WHAT THE EXERCISE ASKS → Please transcribe only the lines from the one holding "Wodoodporność 30 M: Zaprojektowana" through the final line of the data, both included, with no pictures.

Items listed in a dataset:
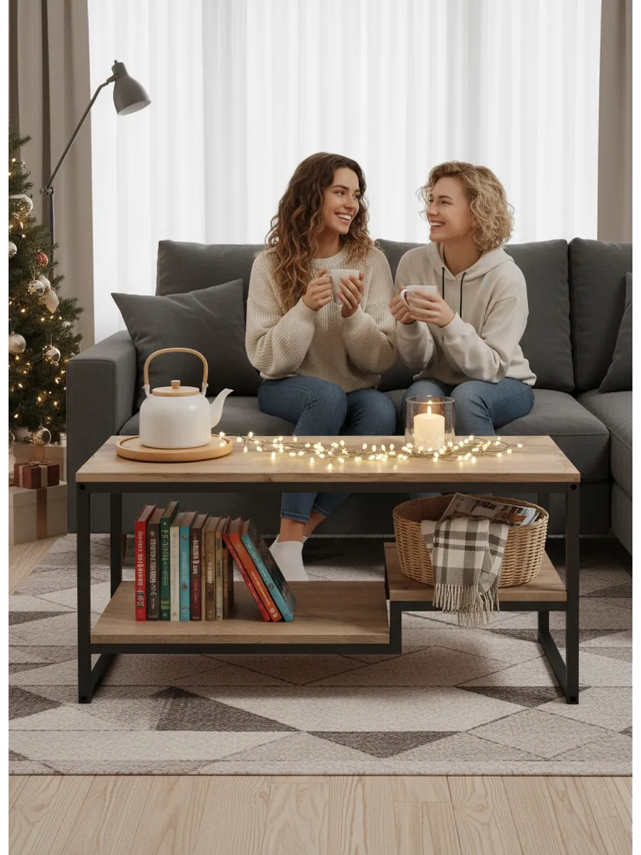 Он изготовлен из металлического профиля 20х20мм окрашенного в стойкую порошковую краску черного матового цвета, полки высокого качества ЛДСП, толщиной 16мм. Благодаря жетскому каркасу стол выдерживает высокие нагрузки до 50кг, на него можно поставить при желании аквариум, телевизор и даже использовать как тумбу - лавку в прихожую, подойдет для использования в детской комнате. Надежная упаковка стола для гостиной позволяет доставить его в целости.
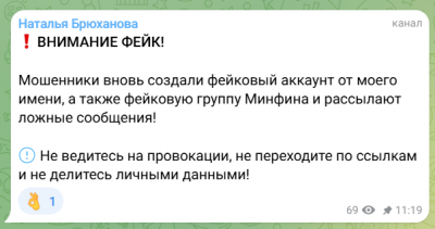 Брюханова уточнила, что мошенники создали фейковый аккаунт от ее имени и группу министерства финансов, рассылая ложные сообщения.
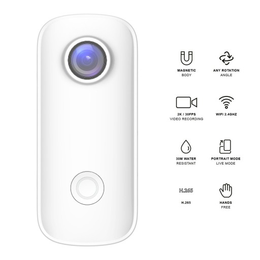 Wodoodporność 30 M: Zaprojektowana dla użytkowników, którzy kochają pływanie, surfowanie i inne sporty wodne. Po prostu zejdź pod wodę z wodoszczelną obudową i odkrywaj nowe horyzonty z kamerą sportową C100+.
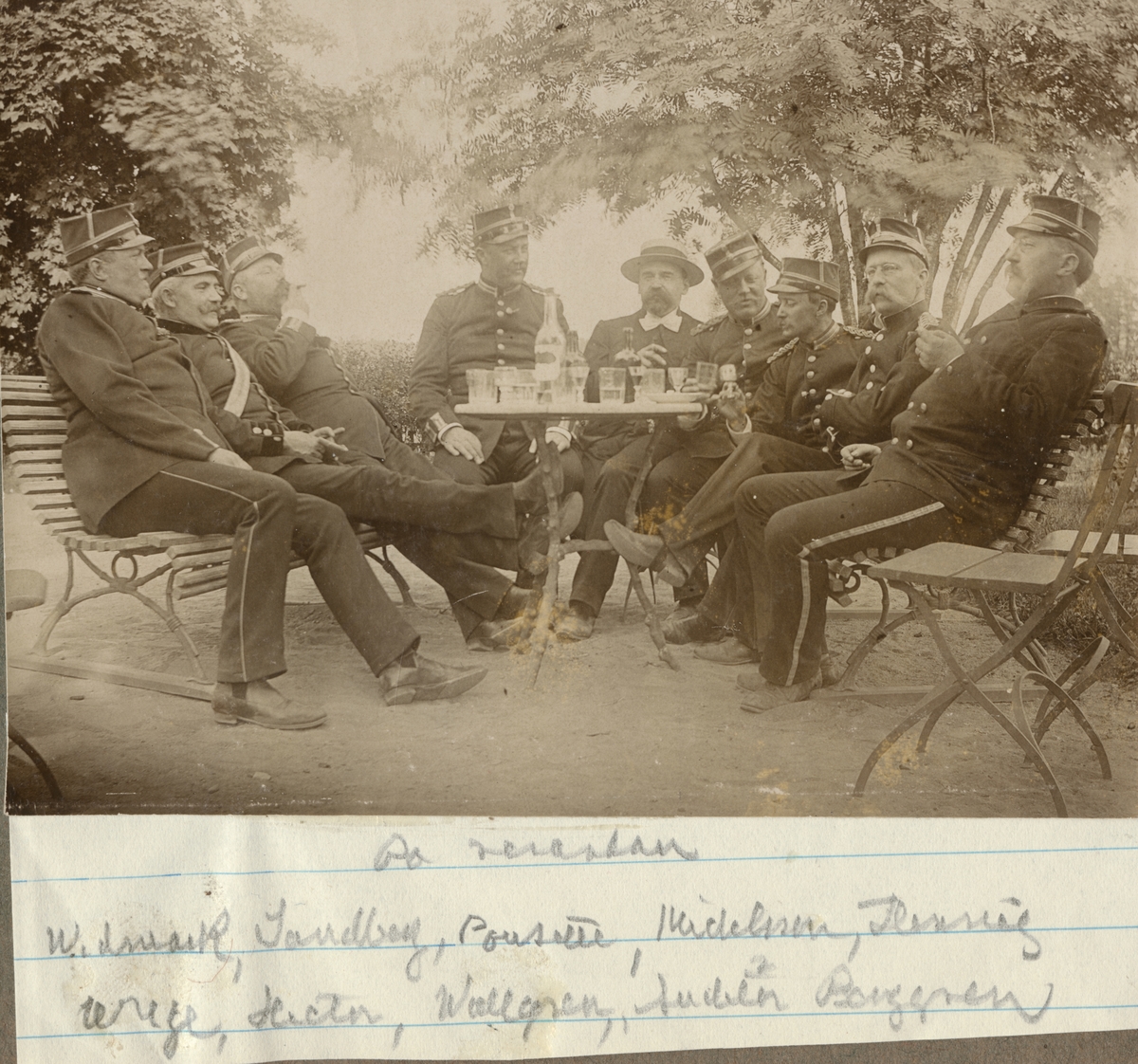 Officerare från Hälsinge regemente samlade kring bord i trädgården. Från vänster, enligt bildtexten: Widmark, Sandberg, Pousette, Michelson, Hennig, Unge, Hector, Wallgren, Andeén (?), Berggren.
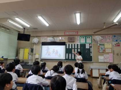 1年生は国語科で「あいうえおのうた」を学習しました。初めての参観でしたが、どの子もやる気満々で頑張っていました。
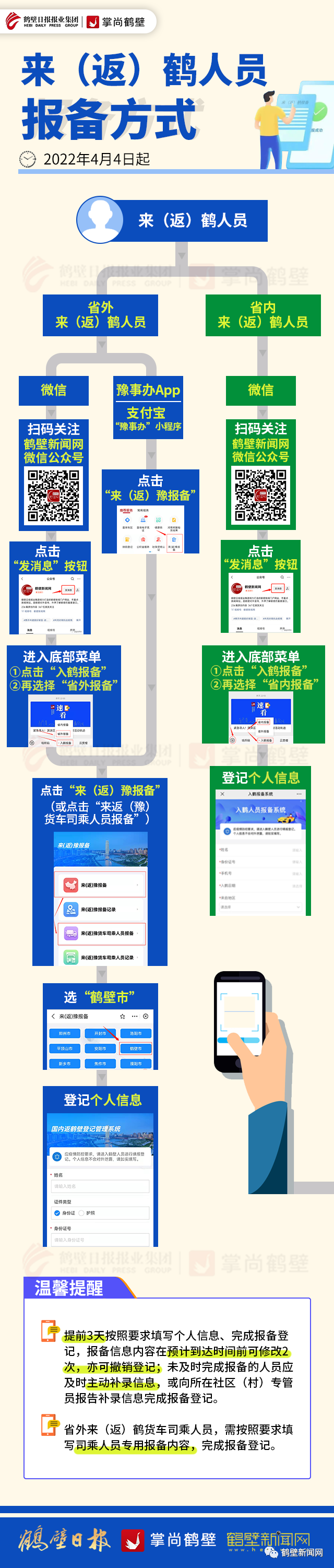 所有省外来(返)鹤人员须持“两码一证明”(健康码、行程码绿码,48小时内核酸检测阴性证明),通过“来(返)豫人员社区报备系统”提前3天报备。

YOUR RESPONSE →
 Wodoodporność 30 M: Zaprojektowana dla użytkowników, którzy kochają pływanie, surfowanie i inne sporty wodne. Po prostu zejdź pod wodę z wodoszczelną obudową i odkrywaj nowe horyzonty z kamerą sportową C100+.
 Officerare från Hälsinge regemente samlade kring bord i trädgården. Från vänster, enligt bildtexten: Widmark, Sandberg, Pousette, Michelson, Hennig, Unge, Hector, Wallgren, Andeén (?), Berggren.
 1年生は国語科で「あいうえおのうた」を学習しました。初めての参観でしたが、どの子もやる気満々で頑張っていました。
 所有省外来(返)鹤人员须持“两码一证明”(健康码、行程码绿码,48小时内核酸检测阴性证明),通过“来(返)豫人员社区报备系统”提前3天报备。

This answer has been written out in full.